INSTRUCTIONS FOR THE TASK: The output is the line containing "あと、中華クラゲにしゅうまい、野菜スープ。" plus every later line down to the end of the listing below, copied exactly. No pictures belong in it.

RECORD EXCERPTS:
__________
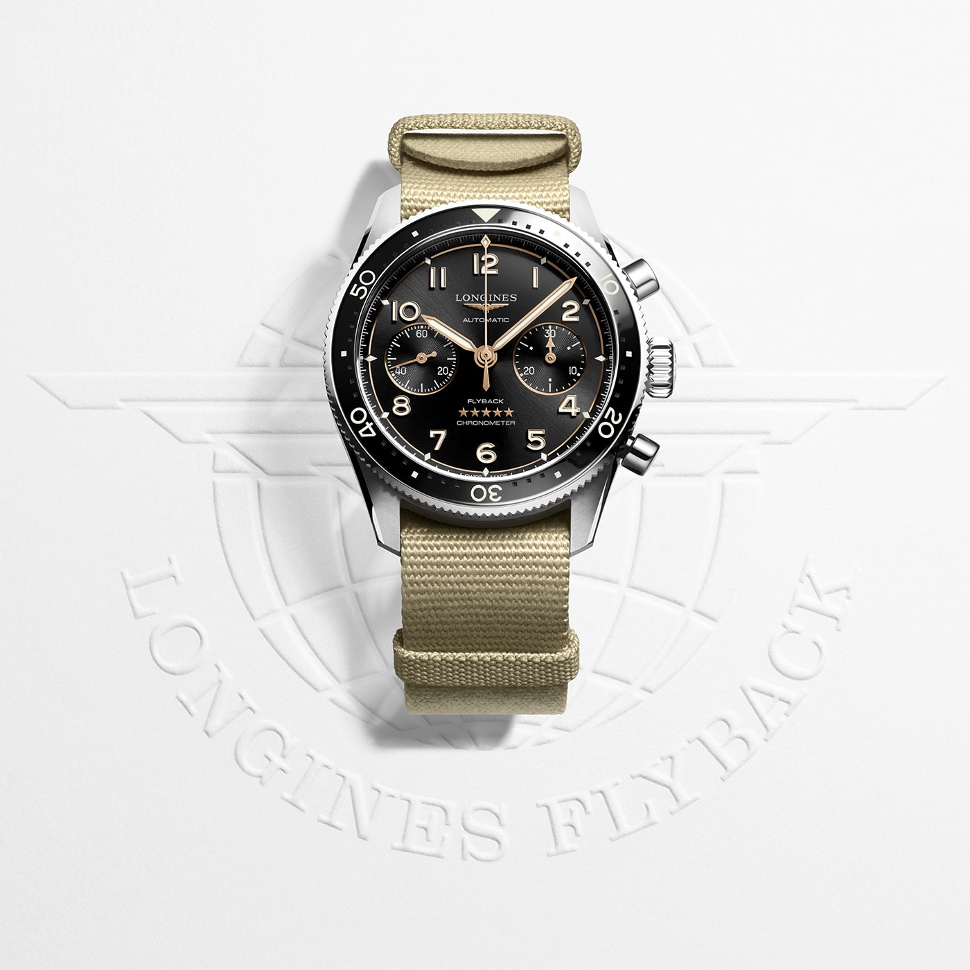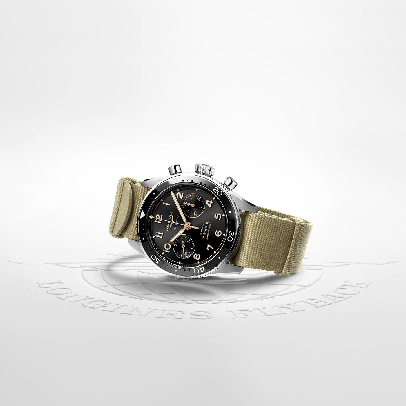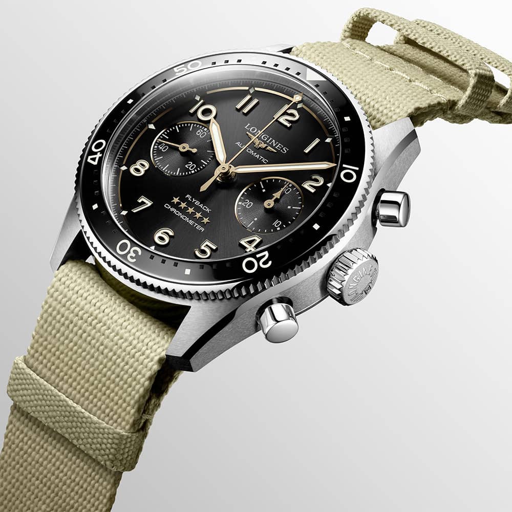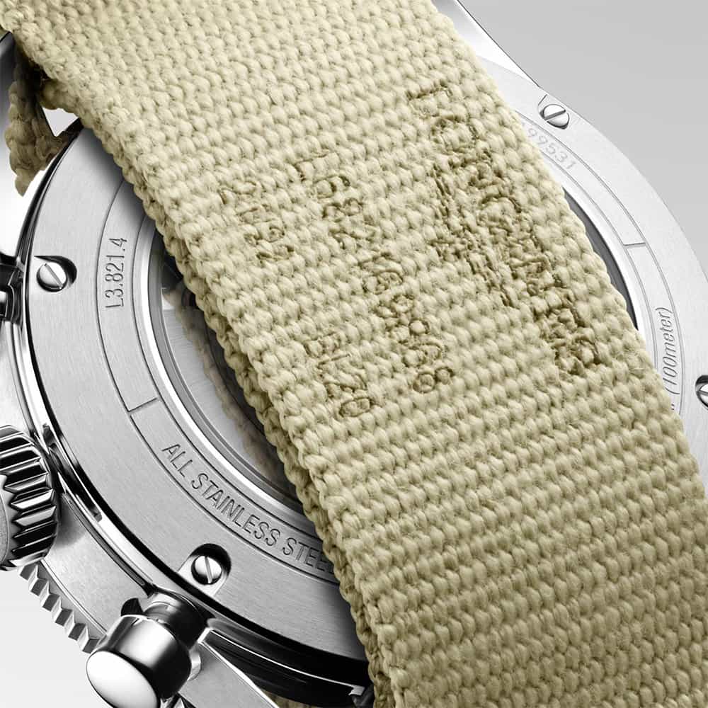 Do uszu obudowy przymocowany został pasek materiałowy w kolorze beżowym z klasycznym zapięciem na klamerkę. Pasek cechuje miękkość, elastyczność oraz niska waga, co zapewni komfort w czasie użytkowania czasomierza. Design został zaprojektowany tak, aby każdy właściciel zegarka mógł cieszyć swoje oko już po pierwszym spojrzeniu. Modna kolorystyka oraz wyrafinowana estetyka zapewnią łatwe dopasowanie do outfitów na spotkania biznesowe jak i te mniej formalne. Longines Spirit Flyback będzie świetnym uzupełnieniem do każdej męskiej garderoby.
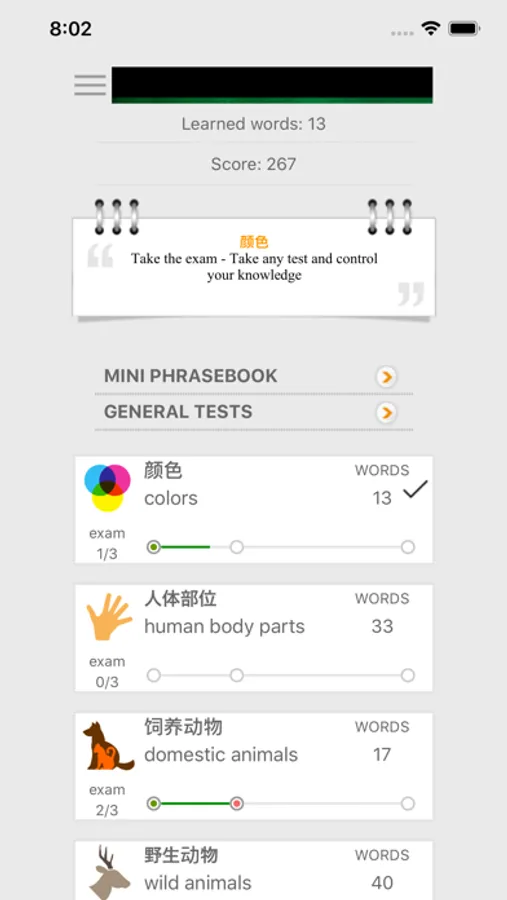 - Testing of the knowledge of the words happens through fun and simple tests:
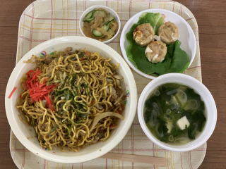 あと、中華クラゲにしゅうまい、野菜スープ。
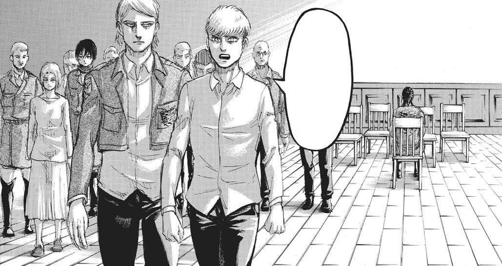 - ↑ Attack on Titan manga: Chapter 110 (p. 7)
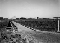 1893 The bridge over Rock Creek, at the west end of Shoshone Street, from the west; with the Oregon Short Line Railroad Depot and other buildings in the distance. (Singing Bridge).
__________
EXERCISE SOLUTION:
 あと、中華クラゲにしゅうまい、野菜スープ。
 - ↑ Attack on Titan manga: Chapter 110 (p. 7)
 1893 The bridge over Rock Creek, at the west end of Shoshone Street, from the west; with the Oregon Short Line Railroad Depot and other buildings in the distance. (Singing Bridge).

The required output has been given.